13 Coffers: The Beginning
The young, ambitious social climber Count Nikolaus Esterházy (1583-1645) is known as the family’s first collector. The family outsider from the Bratislava area succeeded at a fabulous accession at the beginning of the 17th century: Driven from his father’s property in Galantha due to disputes in belief, he was promoted to official agent of the king in Turkish-occupied Hungary. Thanks to a clever marriage and his ensuing partisanship to his sovereign, Count Nikolaus laid the cornerstone for the enormous Esterházy assets.

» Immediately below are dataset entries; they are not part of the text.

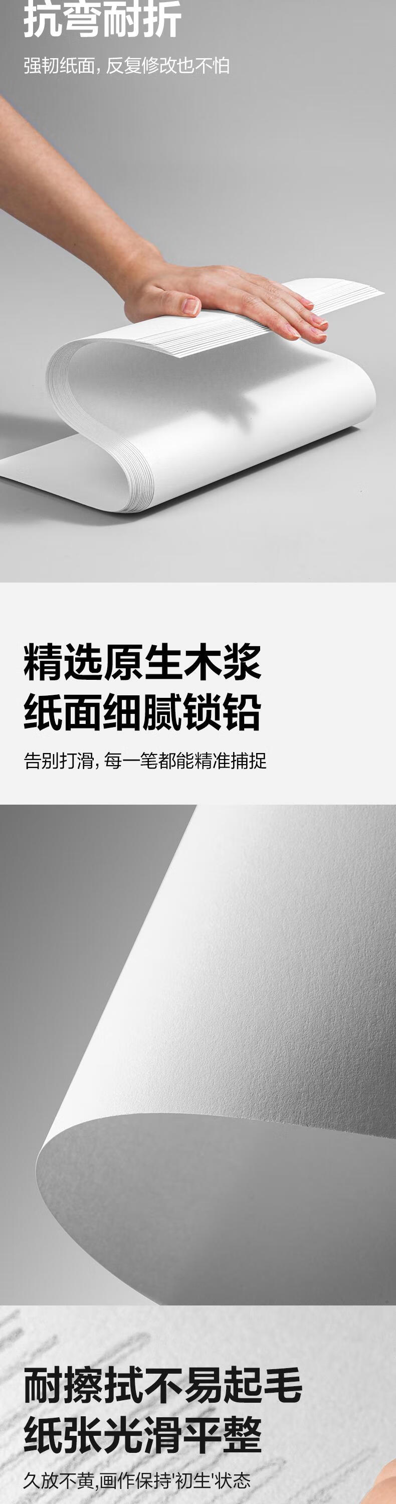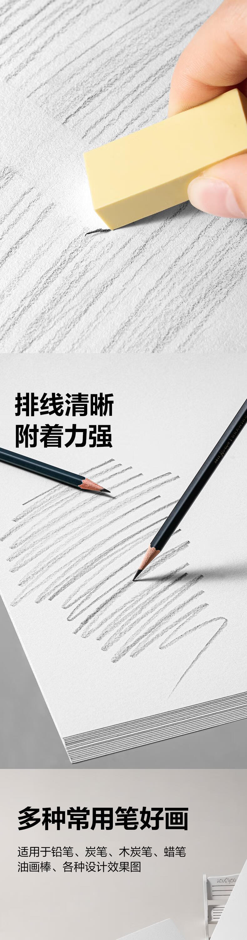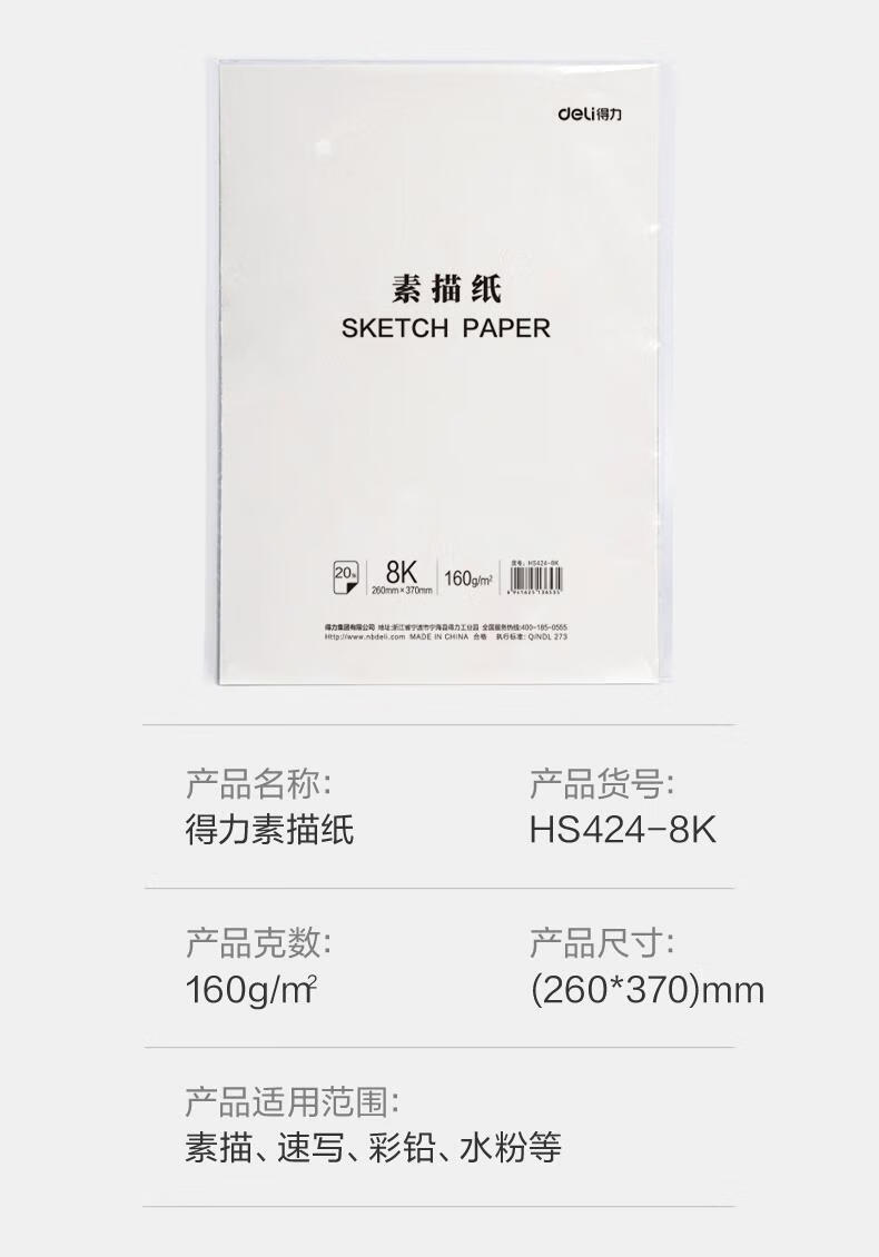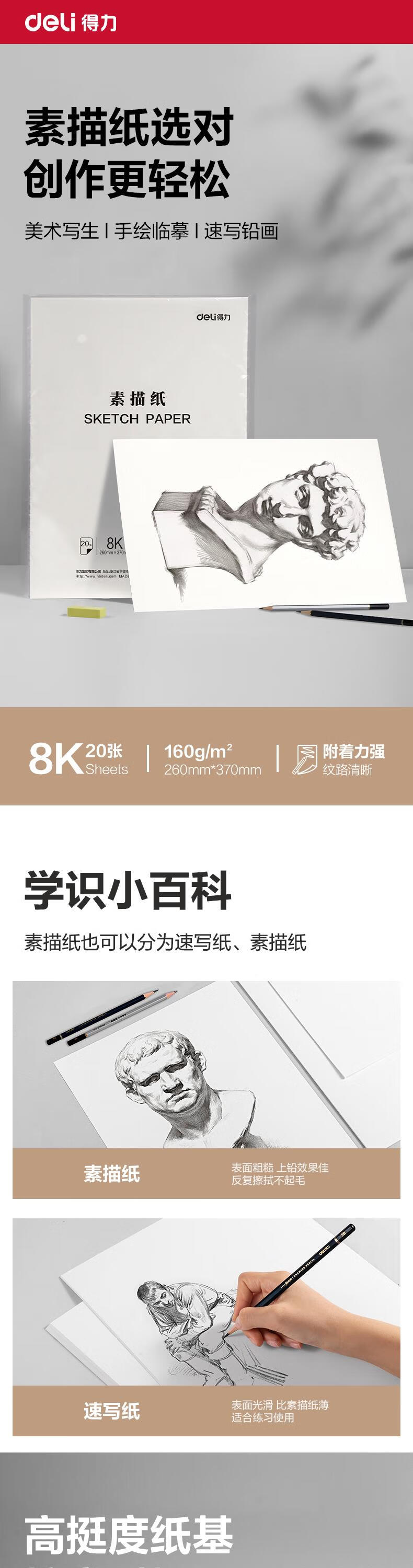得力(deli)文具素描纸8K/160g绘画纸素描本美术写生临摹学生初学速写铅画纸20张HS424-8K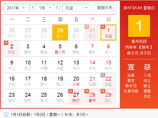 根据《国务院办公厅关于2017年部分节假日安排通知》和政府办公厅的通知精神,结合我公司的实际,现将2017年元旦节放假时间安排如下:
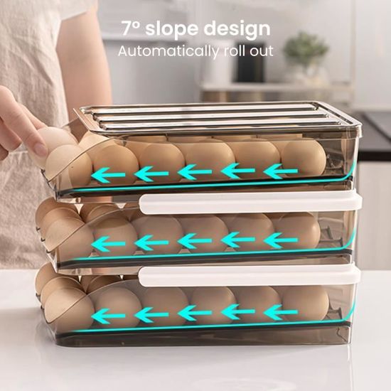 L'organisateur de tiroir de réfrigérateur est parfait pour organiser les œufs dans le réfrigérateur. Tiroir à œufs extractible : il s'agit de 1 tiroir à œufs pour réfrigérateur, peut contenir 18 à 21 œufs. 3 : la partie supérieure est amovible et réglable, maximise vraiment le stockage du réfrigérateur. Les tiroirs coulissent sans enlever tout le support. Tous les problèmes seront résolus dans les 24 heures. Veuillez vous assurer que vos étagères de réfrigérateur ont une profondeur de 30 cm à 41,9 cm, et l'épaisseur de l'étagère du réfrigérateur doit être inférieure à 1,5 cm. Support de tiroir à œufs pour réfrigérateur (lot de 1) ; Egg Holder. €43.56€43.56. Usually dispatched within 5 to 6 days ; Livraison GRATUITE 27 décembre - 2... Pourquoi choisir notre boîte de rangement pour réfrigérateur ? 1 : matériaux de qualité alimentaire robustes et durables, forte capacité de charge, pas de déformation. Ou l'article ne fonctionnera pas dans votre réfrigérateur. Matériau de qualité supérieure : l'organisateur d'œufs de réfrigérateur est fabriqué en plastique PET de qualité alimentaire, sans BPA, non toxique, durable, bords lisses et sûr à utiliser. Boîte à œufs Empilable Frigo Boîte De Rangement Œufs Avec Tiroir Roulement automatique : la courbe de roulement automatique est facile à prendre, après avoir retiré un œuf à l'avant, l'œuf à l'arrière s'enroule automatiquement. Rangement Oeuf Plateau œufs Réfrigérateur Range-œufs Coulissant Pour Frigo Support Oeuf Le design en matériau transparent garde les aliments visibles et faciles à localiser. La longueur du rail coulissant peut être étendue de 30 cm à 41,9 cm. Veuillez noter la taille si elle convient : avant l'achat, veuillez vous assurer que vos étagères de réfrigérateur ne sont pas inclinées ou incurvées vers le bas. Pliable pour le rangement, gardant le réfrigérateur bien rangé et économisant de l'espace. Conception : le support de stockage des œufs adopte une conception de plateau de type tiroir, qui peut minimiser le contact avec l'air extérieur et maintenir la fraîcheur des œufs 2 : Le tiroir a une poignée pour un accès facile.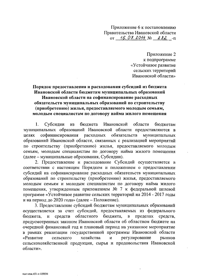 Постановление Правительства Ивановской области от 16.07.2014 N 282-п "О внесении изменений в постановление Правительства Ивановской области от 13.11.2013 N 451-п "Об утверждении государственной программы Ивановской области "Развитие сельского хозяйства и регулирование рынков сельскохозяйственной продукции, сырья и продовольствия Ивановской области" (вместе с "Порядком проведения конкурсного отбора муниципальных образований Ивановской области для участия в подпрограмме "Устойчивое развитие сельских территорий Ивановской области" государственной программы Ивановской области "Развитие сельского хозяйства и регулирование рынков сельскохозяйственной продукции, сырья и продовольствия Ивановской области", "Порядком предоставления и расходования субсидий из бюджета Ивановской области бюджетам муниципальных образований Ивановской области на софинансирование расходных обязательств муниципальных образований по строительству (приобретению) жилья, предоставляемого молодым семьям, молодым специалистам по договору найма жилого помещения", "Порядком предоставления и расходования субсидий из бюджета Ивановской области бюджетам муниципальных образований Ивановской области на комплексное обустройство объектами социальной и инженерной инфраструктуры населенных пунктов, расположенных в сельской местности", "Порядком предоставления и расходования субсидий из бюджета Ивановской области бюджетам муниципальных образований Ивановской области на грантовую поддержку местных инициатив граждан, проживающих в сельской местности")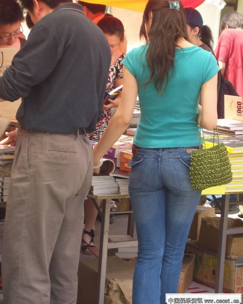 圖書(shū)批發(fā)市場(chǎng)街拍緊身牛仔褲美女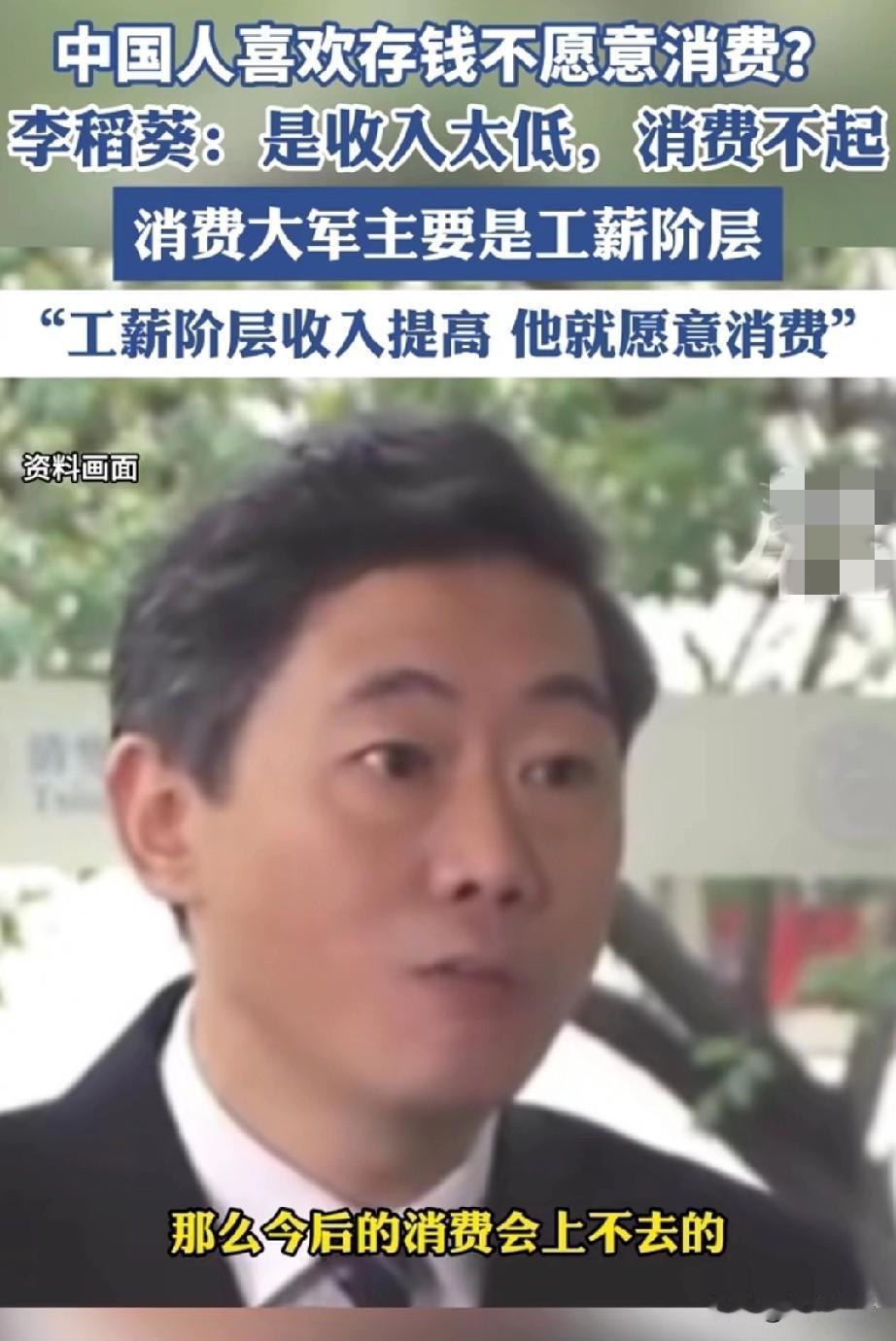 还是有真专家的, 网络上天天说中国人喜欢存钱,不喜欢消费,经济学家李稻葵看不下去, 直接公开表示是收入太低,消费不起, 这无疑是戳破了那层窗户纸, 他表示消费主力军是工薪阶级, 如今国内的收入分配很不均匀, 大部分分配给了企业主, 他们拿着高额的利润, 然后去国外大肆挥霍, 对于国内的国内的消费大局毫无作用, 这位专家痛心疾首, 如果不改变这样的格局, 那么消费是提升不上去, 如果工薪阶级收入提高了, 那他自然会去消费, 那么消费市场自然就可以提升上去, 如果只是聚集在几个人手中, 他们在国内的花费有限, 确实是无法提升国内的消费市场, 如今不光是年轻人不消费, 就连老年人也不消费, 一味的给予了很多刺激消费的政策, 效果也是杯水车薪, 其实很多专家心里都清楚, 只是没有人敢于讲出了, 这位专家还是很有良心的, 大家对于这位专家的言论怎么看? 中国消费经济 中产消费 中产消费萎缩 消费群体分析 中国消费 中产消费观 穷人消费心理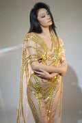 Sparkly Gold Sequins Mesh Celebrate Evening Prom Gown Long Dress Birthday Outfit Singer Stage Wear Show Costume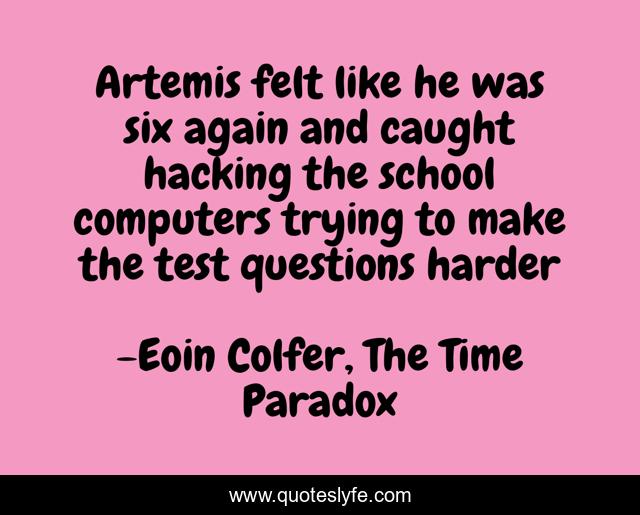 This page presents the quote "Artemis felt like he was six again and caught hacking the school computers trying to make the test questions harder". Author of this quote is Eoin Colfer, The Time Paradox. .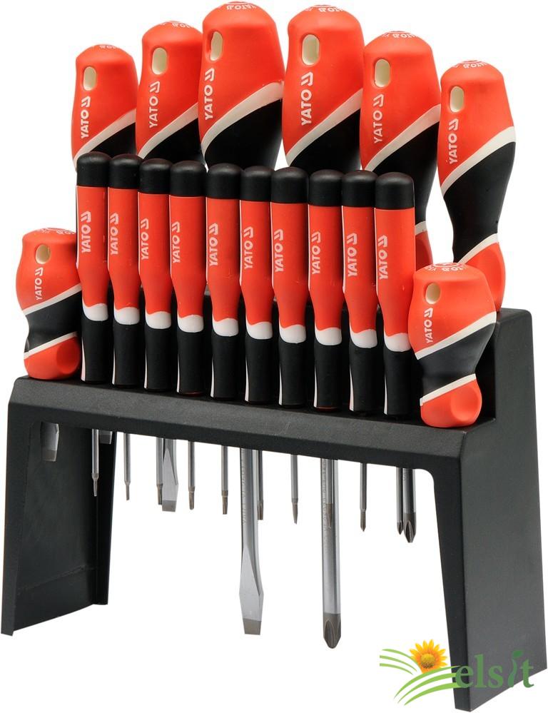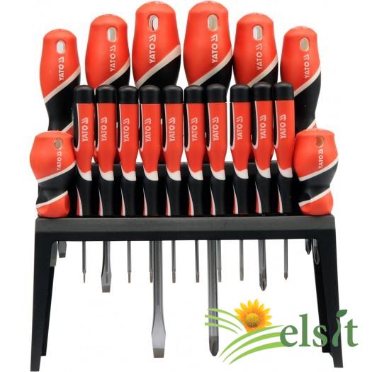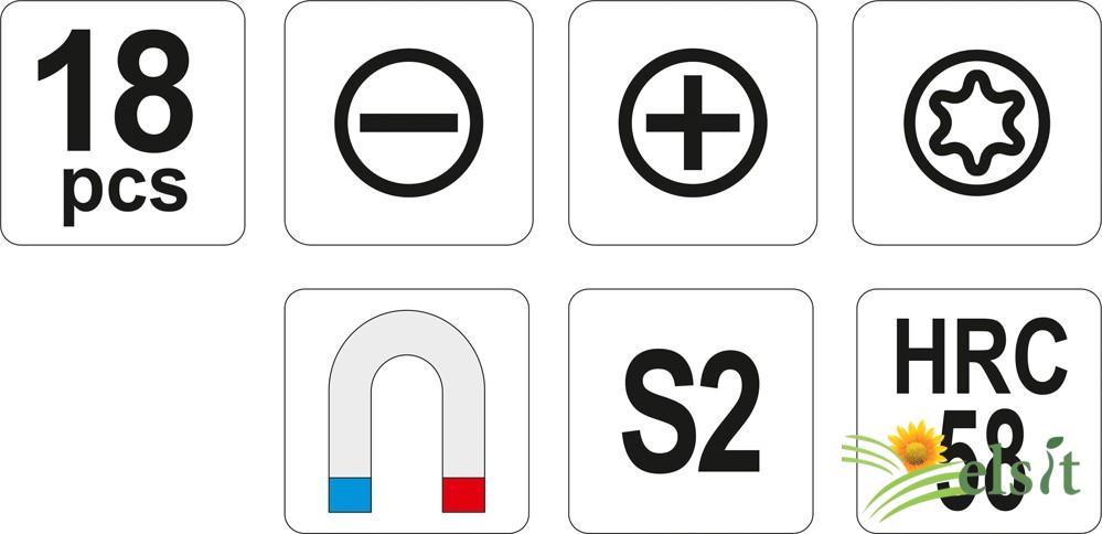 Set de 18 surubelnite fabricate din otel cu simbol S2 cu o duritate de aproximativ 58HRC. Tija surubelnitei este satinată, iar vârful de lucru este întărit și șlefuit, conferind o mai mare stabilitate.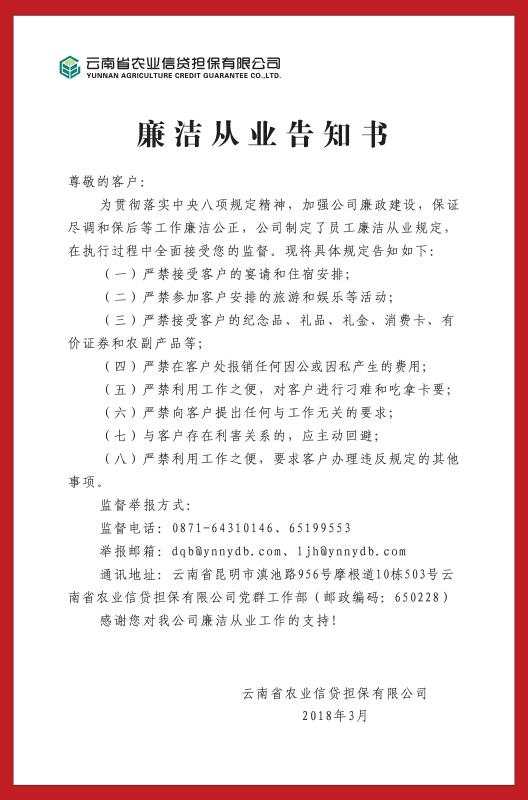 為貫徹中央八項(xiàng)規(guī)定精神,落實(shí)黨風(fēng)廉政建設(shè)責(zé)任制要求,保證公司在業(yè)務(wù)盡調(diào)和開展保后等工作中的廉潔公正,公司在業(yè)務(wù)開展中推行“一杯水”原則--“我們能接受的,只是客戶的一杯水”?!耙槐痹瓌t,要求員工到客戶處開展業(yè)務(wù),原則上只能喝一杯水。同時(shí),公司制定了員工廉潔從業(yè)規(guī)定,并制作《廉潔從業(yè)告知書》,要求公司員工從2018年3月1日起,對(duì)已立項(xiàng)客戶開展業(yè)務(wù)盡調(diào)時(shí),要將帶有編號(hào)的《廉潔從業(yè)告知書》遞交客戶,客戶簽收后將回執(zhí)聯(lián)收回,同時(shí)公司采取不定期致電客戶方式抽查《廉潔從業(yè)告知書》發(fā)放情況,確保立項(xiàng)并開展盡調(diào)的每一戶客戶都能收到《廉潔從業(yè)告知書》。公司還制作了“一杯水”原則和《廉潔從業(yè)告知書》掛圖,作為公司廉政文化建設(shè)部分加強(qiáng)員工的廉潔教育宣傳。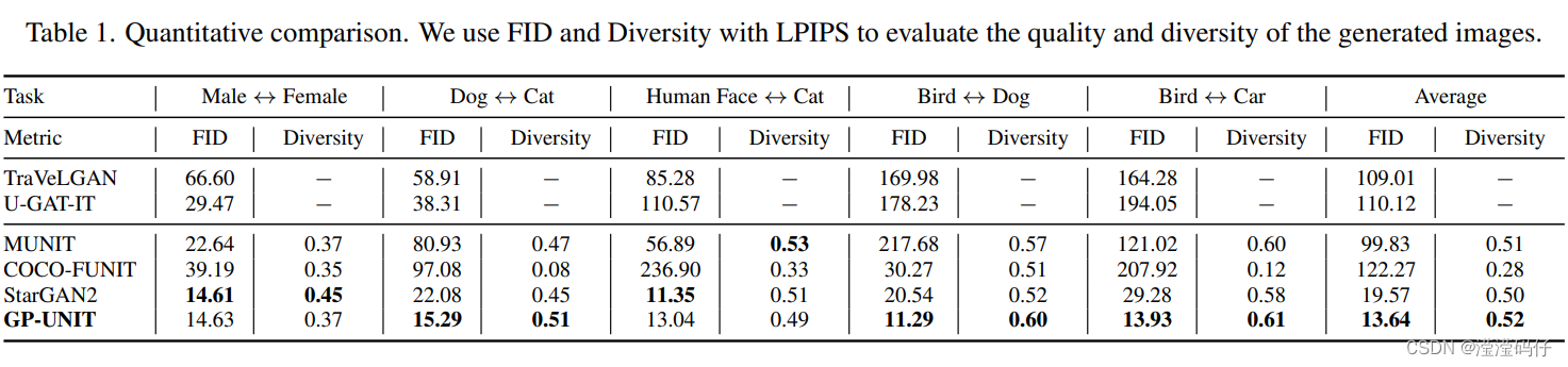 进行质量和多样性的定量比较。FID 和LPIPS 分别用于评价生成数据与真实数据的图片质量与多样性。对于支持多模态转化的方法( MUNIT, COCO-FNIT, StarGAN2, GPUNIT),我们每次测试会生成10个配对翻译结果,我们从随机抽取潜在代码或示例图像来计算它们的平均多样性LPIPS距离。表1报告了所有测试图像的平均定量结果,与图5一致,即我们的方法效果达到或优于对比的方法,在困难任务上的优势更加明显,获得了最好的总体FID图像质量和LPIPS多样性。并发现GP-UNIT倾向于保留输入图像的背景。这种性质不利于多样性,但在某些应用中可能是有用的。虽然StarGAN2在Cat→Human Face上产生了逼真的人脸( 获得最好的FID图像质量 ),但它忽略了与输入猫脸的姿态对应关系( 内容一致性低于 GP-UNIT ),如图5所示。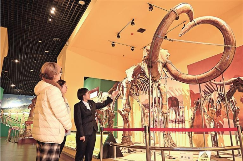 10月20日,437ccm·必赢国际博物馆工作人员为参观者介绍该校地质学系师生发现的猛犸象化石。

As of 1625, as Paladin of Hungary in Lackenbach Palace in western Hungary, he held a court that appeared fully worthy of a king’s agent. In a noble castle with its large Renaissance garden, he met with a broad theological circle. Here, Count Nikolaus founded a large library, the so-called Bibliotheca Esterhazyana.
The inventory combined books from the most significant Hungarian libraries. With its coexistence of confessional nonconformist and reformed writings, it demonstrated Hungary’s liberal climate in an age of European religious strife.
With the collection of gold- and silversmith works, Nikolaus also founded the Esterházy treasure chamber at Forchtenstein Castle, which exists to the present day. It is here that the grandiose Ottoman tent that Count Nikolaus captured in 1621, which numbers among the greatest of its kind, is preserved.